Kalaupun ada kritik, sampaikan dengan cara yang lembut dan halus. Karena kalau Anda memperlakukan orang lain dengan kasar, maka setelahnya posisikan diri Anda dalam diri orang lain tersebut. Apakah Anda senang apabila diperlakukan dengan kasar?
Jawabannya sudah pasti: Tidak!
Jangan mudah memberi vonis!
Pada akhirnya, pastikan mengetahui kondisi seseorang secara mendalam. Posisikan diri pada kondisi dan situasi orang tersebut. Jangan mudah memberi vonis jika kita tidak mengetahui secara pasti keadaan insan tersebut.
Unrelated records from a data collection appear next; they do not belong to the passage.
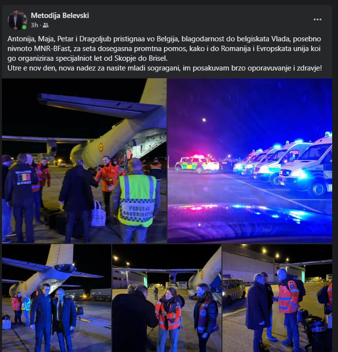 Четири пациенти од повредените во доскотеката во Кочани пристигнаа во Белгија, благодарност до белгиската влада, посебно до B-Fast за сета досегашна помош, напиша македонскиот амбасадор во Белгија, Методија Белевски.
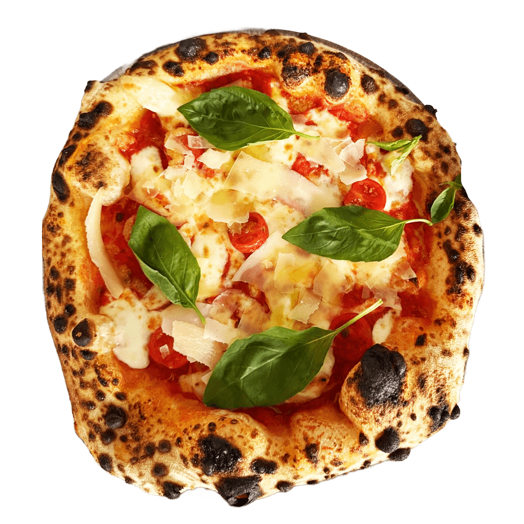 Margherita mit San-Marzano-Tomatensoße aus sonnengereiften Tomaten, Fior di Latte, feinem Parmigiano Reggiano und Kirschtomaten, verfeinert mit kaltgepresstem Olivenöl und frischem Basilikum.
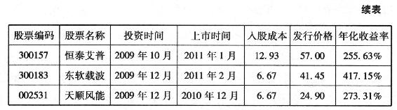 上市前持有新国都(300130)200万股,投资于2008年7月,投资成本6.67元/股,2010年10月上市,公开发行价格43.33元,以首次发行价格计算获得投资收益7332万元,年均收益率244.28%;
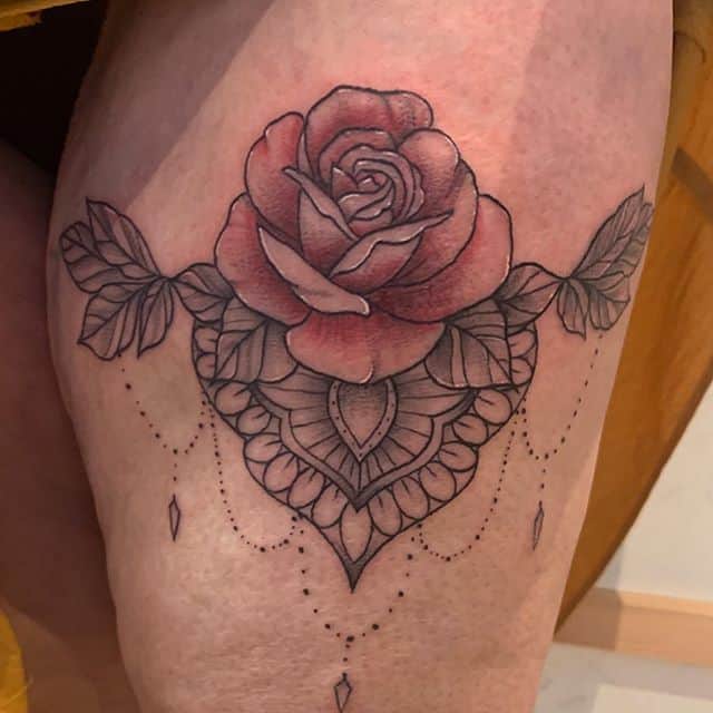 - Орнамент. Это наиболее популярная техника нанесения. Если девушка предпочитает монохромные тату, то этот вариант для нее. Благодаря данной технике рисунок имеет вид кружева, что придает реалистичности.
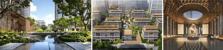 项目整体地势抬高四米,通过拔高的城市级景观通廊,将城市景观融入归家的仪式感当中。酒店式中庭大堂、下沉式休闲庭院、宅间首层泛会所,3大CLUB集书吧,玖宴,玖氧,玖阅等多功能为一体,构筑圈层社交专属的私享空间。中海式精装标准:防弹级门窗体系;一体化集成吊顶;场景式净层高;烟道消失术;墙缝消失术;品牌厨卫高标体系等百道精工细节若非亲鉴,不足以心领神会。
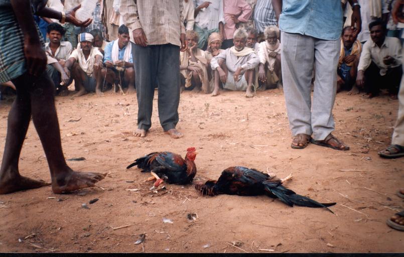| Keywords: Local village 'Illegal cockfights' in India..jpg http //cockfightinglegalandillegal blogspot com/ en An illegal cockfight in the outskirts of Bangalore city in Kalkere village on sunday 24-6-2001 These cockfights are held by villagers the cockpit being a open field around which the villagers form a circle The Battlecocks fight in the middle of this circle Own Rudolph A furtado 1995-05-30 Cockfighting in India | ||||

Vonis "Tidak ada inisiatif" menggambarkan pemikiran sempit dari Eli yang mengatasnamakan "tindakan segera", padahal kenyataan yang sebenarnya adalah kekurangajaran, kelancangan tanpa permisi, tindakan tanpa izin dari yang mempunyai barang atau produk tersebut.
Vonis "Tidak ada inisiatif" versi Eli hanya berpusat pada dirinya tanpa melihat kendala dari Djoni, Djoko, dan Yudha dalam lingkaran kehidupan mereka.
Sudah seharusnya Eli dan para saudari menjalin komunikasi dua arah yang baik dan menghargai perbedaan pendapat. Meskipun sedarah, tidak berarti pemikiran harus seragam dan tidak berarti pihak yang lemah harus menerima putusan yang ditetapkan untuk mereka.